Aber auch gemeinschaftlich ist eine Absonderung notwendig. Die Gemeinde muss solch eine Person ausschließen – das ist übrigens unabhängig davon, ob so jemand noch die Zusammenkünfte besucht oder nicht (1Kor 5,2: „Und ihr seid aufgeblasen und habt nicht vielmehr Leid getragen, damit der, der diese Tat begangen hat, aus eurer Mitte weggetan würde“). Das Ziel einer solchen Zucht ist auch die Wiederherstellung. Dazu sollte selbst das strenge zusätzliche apostolische Zuchtmittel dienen: „Denn ich, zwar dem Leib nach abwesend, aber im Geist anwesend, habe schon als anwesend geurteilt, den, der dieses so verübt hat, im Namen unseres Herrn Jesus [Christus] (wenn ihr und mein Geist mit der Kraft unseres Herrn Jesus Christus versammelt seid) einen solchen dem Satan zu überliefern zum Verderben des Fleisches, damit der Geist errettet werde am Tag des Herrn [Jesus]“ (1Kor 5,3-5).

Wir machen diese Zucht wirkungslos, wenn Einzelne sich nicht an dieses Absonderungsgebot halten.
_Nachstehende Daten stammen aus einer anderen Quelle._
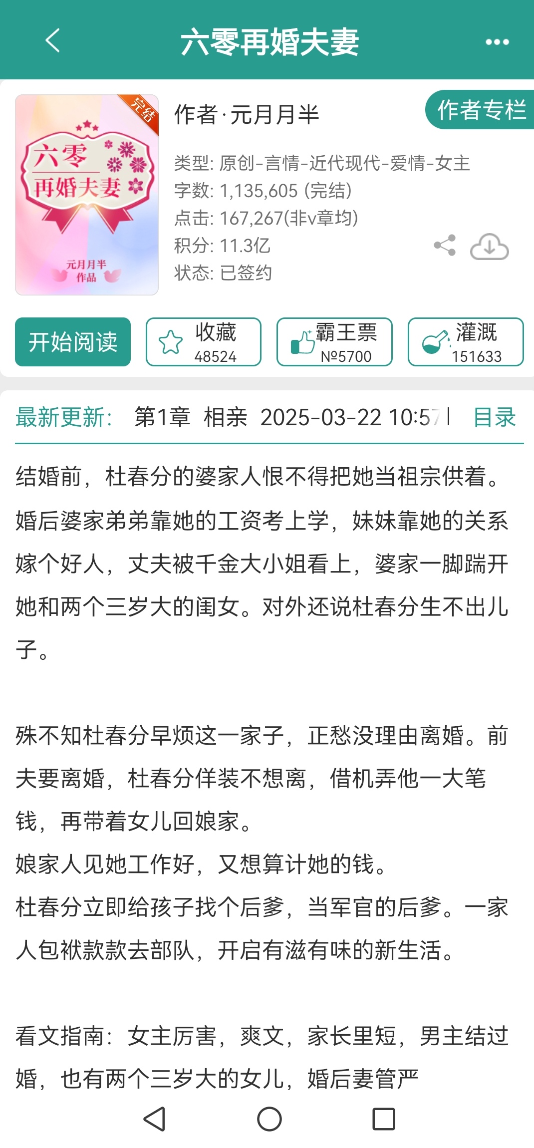 老作者的文果然有保障,女主的人设很可!女主小时候亲爹为国当情报人员基本没露面,亲妈远走国外,女主从小被爷爷奶奶养大,一婚嫁给了亲二婶的亲戚,结果对方是个陈世美,结婚前家里穷的响叮当,结婚后在女主的补贴下条件越来越好与领导的女儿搞在了一起,女主一点不悲伤带着双胞胎女儿火速离婚。

Und wir unterlaufen nicht nur die Zuchtmaßnahme der Gemeinde, sondern wir erklären einen Beschluss, der im Himmel anerkannt wurde, als für uns nicht bindend. Absonderung ist hier keine Herzlosigkeit, sondern ganz im Gegenteil Liebe zum Wort Gottes, das diese Art der Absonderung befiehlt; aber es ist auch Liebe zu der Person, von der man sich absondern muss, damit sie durch dieses letzte Mittel vielleicht doch noch zur Umkehr kommt.

Handeln

Doch mit Betroffenheit und Absonderung ist nicht alles getan. Wie verhindere ich, dass sich so etwas wiederholt, dass es sich zunächst einmal nicht an mir wiederholt?

  • Wenn ich die o.g. Kennzeichen „gecheckt“ habe und entdecke, dass bei dem einen oder anderen Kennzeichen etwas nicht so ist, wie es sein sollte, arbeite ich dann daran, dass das anders wird, mit aller nötigen Radikalität?
  • Was andere Geschwister angeht, richte ich die (vielleicht fürs Beten) „gelähmten Knie“ und die (vielleicht zum Lesen der Bibel) „erschlafften Hände“ auf (Heb 12,12)?
  • Bemühe ich mich, ihnen den Herrn, das Wort und die himmlischen Segnungen großzumachen? (Oder fehlt mir da sogar selbst etwas???)
  • Und die Geschwister haben auch irdische Bedürfnisse. Weiß ich, welche Bedürfnisse dies sind, und helfe ich, sie zu stillen? Wenn das nicht möglich ist, kann man diese irdischen Bedürfnisse in geistliche Wünsche umwandeln? – Es ist die Freude Gottes, dann für den Verzicht vielfach mehr zu schenken. „Er aber sprach zu ihnen: Wahrlich, ich sage euch: Es ist niemand, der Haus oder Frau oder Brüder oder Eltern oder Kinder verlassen hat um des Reiches Gottes willen, der nicht vielfach empfängt in dieser Zeit, und in dem kommenden Zeitalter ewiges Leben“ (Lk 18,29.30).
  • Achte ich darauf, wo jemand die Zusammenkünfte versäumt? Und erzähle ihm dann, wie die Jünger bei Thomas, was er verpasst hat?

Wenn wir diese Dinge beherzigen, wird es vielleicht zukünftig weniger solche traurigen Wege geben.